Children’s television host Miss Lori says she has always talked about her “sexual/dating/love/history” with her kids. “The details have increased as they have matured, and of course in respectable compliment to the tenor of their questions,” said the social media specialist, Babble.com contributor and mother of three.

She said her children don’t benefit from believing that she is infallible or perfect and can learn from her journey, the good and the bad.

“It is my job as their mother to prepare them as best I can to have a healthy successful love life, which includes sex. I’m not leaving that up to anyone else.
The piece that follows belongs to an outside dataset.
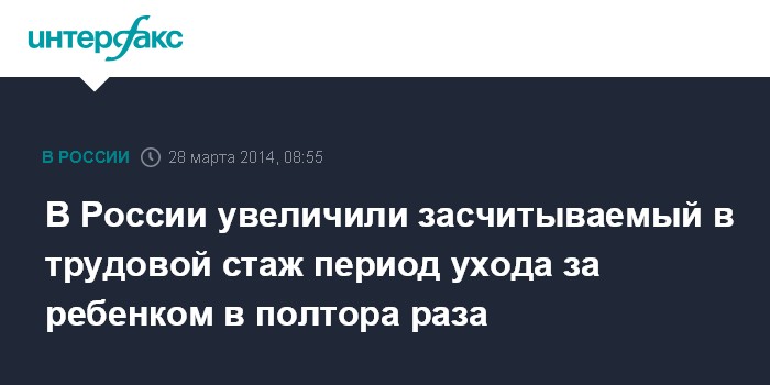 "Федеральным законом от 28 декабря 2013 года N427-ФЗ "О внесении изменений в статью 11 федерального закона "О трудовых пенсиях в Российской Федерации" и статью 1 федерального закона "О средствах федерального бюджета, выделяемых Пенсионному фонду Российской Федерации на возмещение расходов по выплате страховой части трудовой пенсии по старости, трудовой пенсии по инвалидности и трудовой пенсии по случаю потери кормильца отдельным категориям граждан" увеличен период, засчитываемый в страховой стаж в связи с уходом одного из родителей за детьми до достижения ими возраста полутора лет, до четырех с половиной лет в общей сложности (ранее - до трех лет) ", - говорится в сообщении, опубликованном на официальном сайте правительства в пятницу.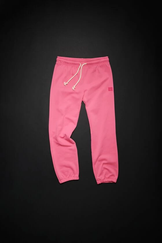 Acne Studios bright pink sweatpants are crafted from midweight cotton, detailed with a face logo patch and complete with two side pockets and one back pocket. Cut to a regular fit with an elasticated waistband and regular length.

No way!” she said. “So I am honest with them, just as I expect them to be with me.”

Holland, the New York City psychiatrist, believes there may be occasions when it makes sense to talk about your sexual experiences, but says it all depends on what you’re talking about and how personal you get.
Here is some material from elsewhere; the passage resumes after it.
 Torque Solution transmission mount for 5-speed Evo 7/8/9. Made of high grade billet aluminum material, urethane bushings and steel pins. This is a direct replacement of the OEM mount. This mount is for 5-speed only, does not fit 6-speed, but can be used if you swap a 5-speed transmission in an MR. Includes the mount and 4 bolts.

“Your kids aren’t your friends, and I think it’s important that you don’t give your kids the mixed message like, ‘I’m your pal,’ ” she said.

“I do want to warn (my daughter) about the way some boys may behave … and I may use examples from things that happened to me when I was in my teens or 20s, but I’m not going to share my personal sex life with her father with her. It’s not appropriate.”

And then there are parents such as Nancy Friedman who never imagined talking with her kids about her sex life but suddenly had to deal with the issue after she and her husband were caught in the act.

In a hilarious post on her blog From Hip to Housewife, Friedman wrote that when her young daughter came into their bedroom, she asked ” ‘What were you doooo-ing?’ ”

Her husband told her she caught Daddy kissing Mommy, she said.

” ‘Naked?’ she asked,” wrote Friedman, who is also co-founder of a video sharing platform for tweens called KidzVuz. Obviously her daughter remained unconvinced — and it wasn’t until Friedman told her that she was nude because she was on her way to the shower that her daughter said, “OK!” and climbed into bed with her parents.

Her daughter never brought up the topic again — thankfully, says Friedman, and the closest they’ve come to talking about her sex life is when her daughter, who is now 15, asked her once why she was still on birth control pills.

“I gave her a look,” said Friedman. “She said, ‘Gross!’ and that was it!”